It’s strange, in retrospect, that none of this bothered me in the slightest. When the doctors and my parents explained to me what had happened, it all sounded familiar and understandable. Somehow, I was at peace with it.*5 In fact, I had accepted my blindness so completely that I didn’t tell anyone I couldn’t see until several days after the surgery, and when I did say it out loud, it still didn’t seem that important.
That sense of peace lasted for a week in the ICU and persisted for a few more days after I was moved to the pediatric ward in the Wyman wing of the hospital.

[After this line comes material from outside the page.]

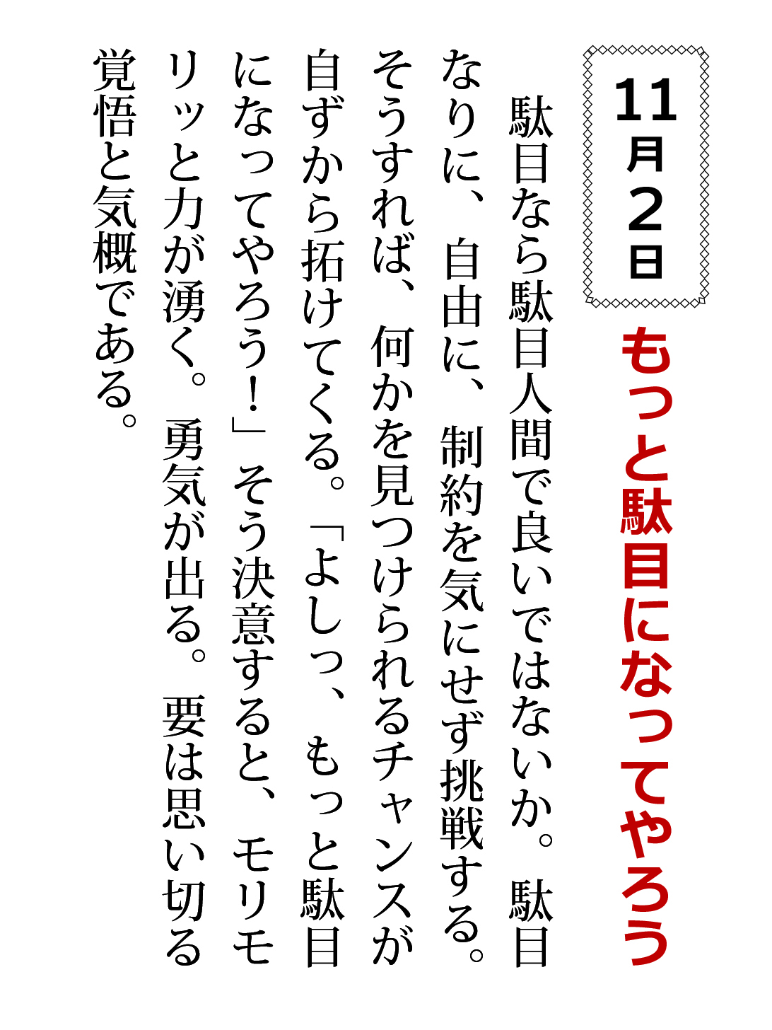 駄目なら駄目人間で良いではないか。駄目なりに、自由に、制約を気にせず挑戦する。そうすれば、何かを見つけられるチャンスが自ずから拓けてくる。「よしっ、もっと駄目になってやろう!」そう決意すると、モリモリッと力が湧く。勇気が出る。要は思い切る覚悟と気概である。

At eighteen years old, I no longer qualified for that ward, but it was the only floor with an available observation room where the nurses could keep an eye on high-risk patients. I would remain there for the next four months.
Once out of the ICU, I was allowed visitors other than family. Friends brought flowers, including one especially beautiful bouquet of roses that everyone commented on when they entered my room. On one such day, someone mentioned the beautiful “yellow” roses. Wait. WHAT? Yellow? I felt a shock of adrenaline as I abruptly came to grips with the extent of my blindness. It was as if someone had slapped me awake. I thought the roses were red, but that’s merely the color I assumed they were. My analytical brain jump-started and I quickly ran through an assessment of what I could actually see. The answer was not much. I couldn’t see the roses; I had just imagined them to look like stereotypical red roses. I couldn’t see the door to my room, but I had mentally sketched it in based on the direction of sounds as people entered and exited. I couldn’t even see my own hand held up in front of my face; I just knew it was there because I could feel myself holding it up.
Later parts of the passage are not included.